Le sonore ou la combinaison verbal-sonore peut aussi produire un gag, comme le démontre l’extrait suivant tiré du film Le gendarme et les extra-terrestres (Girault, 1979) : quand Cruchot (De Funès) découvre que les extra-terrestres usurpant l’apparence physique des habitants de Saint-Tropez sonnent creux lorsqu’on les frappe, il décide de vérifier l’identité des gendarmes à coup de poing sur le crâne. Mais voilà, ils sonnent tous creux de la tête. Heureusement, lorsque l’un après l’autre ils se frappent à la poitrine, c’est bien de chair qu’il s’agit. Si les gendarmes de St-Tropez n’ont pas de tête, ils ont du cœur. Aussi, quand l’adjudant Gerber, quelques instants plus tard, amène un spécimen d’extra- terrestre tout rouillé dans la gendarmerie, Cruchot et ses hommes, à la vue de cette dépouille de tôle, enlèvent leur képi et jouent une oraison funèbre en se tapant sur la tête. Dans la comédie policière Un cadavre au dessert (Moore, 1976), on retrouve un autre gag

sonore amusant. Il s’agit d’un gag à répétition formé par le déclenchement d’un hurlement de femme faisant office de sonnette d’entrée dans un manoir lugubre. Après que deux groupes d’invités soient arrivés sur place au son de l’horrible cri, un maitre d’hôtel aveugle conduit un couple (les Charleston) jusqu’à leur chambre. En entrant dans celle-ci, la femme aperçoit une souris et pousse un cri identique à celui de la sonnette. Le maitre d’hôtel lance alors, en s’apprêtant à aller ouvrir, « Ah! On a sonné ». Ce à quoi le mari réplique, « C’est Madame Charleston » et le maitre d’hôtel de conclure « Je croyais qu’elle était déjà là ». La troisième apparition de l’élément sonore, combiné au dialogue, ajoute au comique du gag.

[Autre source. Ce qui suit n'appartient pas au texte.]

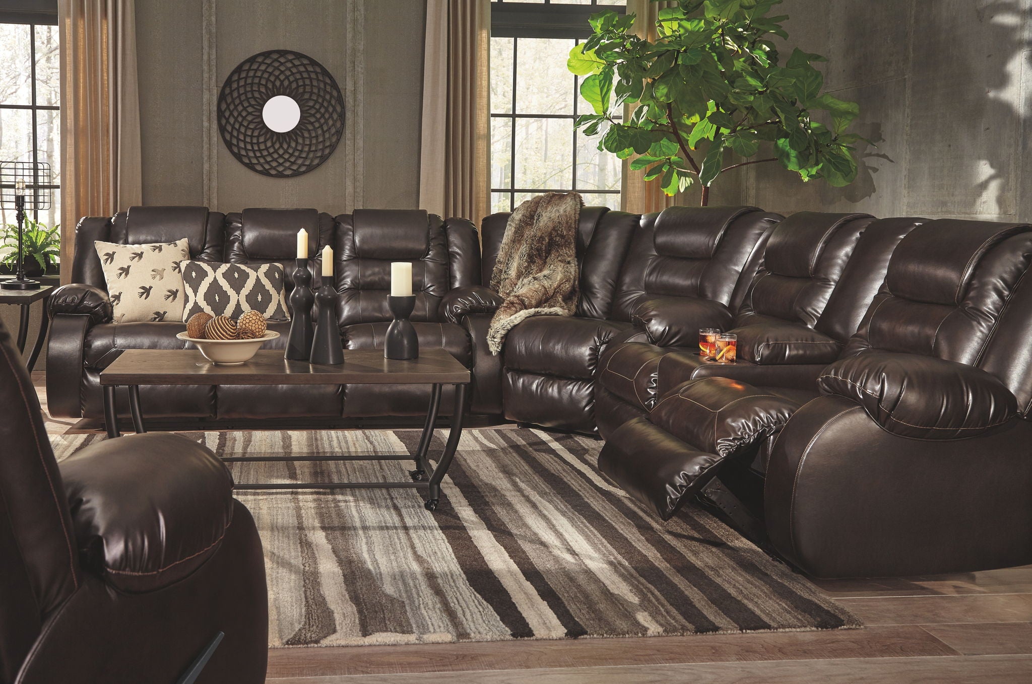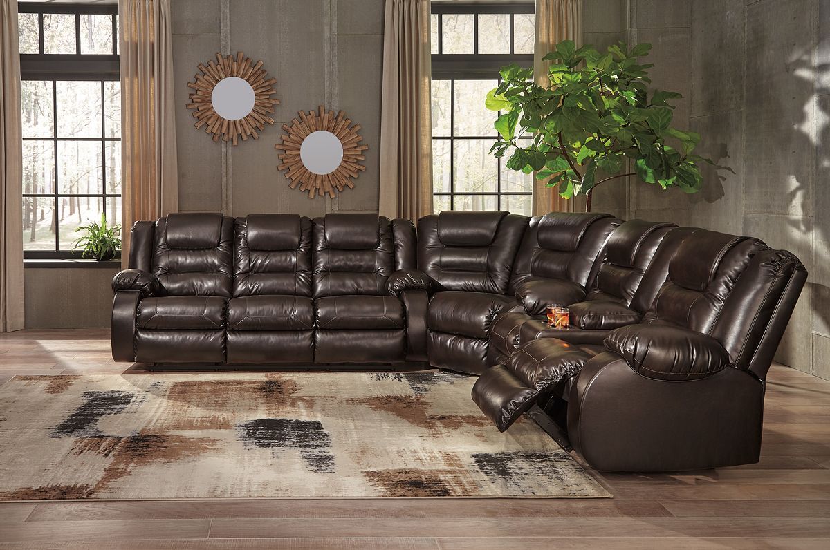 This 3-piece reclining sectional puts comfort in style. Plush cushions are stitched to perfection. Ease back into the deep seating to rest your head on the supportive headrest. Supple fabric gives your room the high end look of leather with a spicy pop of color. You’ll love how easy it is to recline in infinite positons of relaxation. Drop a beverage in one of the cup holders, and enjoy sitting here for hours.

À la lumière de ces différents exemples, il apparait clair que l’élément langagier représente maintenant une part importante du gag. En fait, dans la majorité des cas, le langage remplace plus le gag qu’il ne le constitue. Est-ce une mauvaise chose? Pas forcément, car comme le mentionnait Jean-Pierre Coursodon dans la première partie de cet essai, rien n’empêche un effet comique d’être aussi drôle qu’un gag. La différence étant qu’aujourd’hui cet effet sera plus souvent langagier (réplique hilarante, mots d’auteur truculent, patois loufoque, etc.) que physique. Quel type de gag est le meilleur? Là encore tout dépend de l’effet sur le public. Qu’il s’agisse d’un gag physique complexe, d’un gag dialogué, d’un effet comique visuel ou d’un élément verbal très bref, l’important est qu’il fasse mouche. Un gag verbal réussi vaut mieux qu’un gag physique raté, c’est l’évidence. Pris comme élément distinct et autonome, on ne peut pas vraiment affirmer que l’un est supérieur à l’autre, mais partant de l’idée que sur le plan cinématographique, il est toujours préférable de montrer que de dire, le gag physique devrait logiquement s’imposer. « Lorsqu’on écrit un film, disait Hitchcock, il est indispensable de séparer nettement les éléments de dialogue et les éléments visuels et, chaque fois qu’il est possible, d’accorder la

préférence au visuel sur le dialogue118. » Ce serait donc au scénariste qu’incomberait la

tâche de ramener le gag physique à l’avant-plan du scénario comique. Non pas, parce qu’aucun film ne peut être drôle sans gags, mais parce que son ajout s’inscrit parfaitement dans la volonté de faire rire qui demeure, à notre avis, l’élément central de toute comédie et, par-dessus tout, parce que c’est un élément visuel.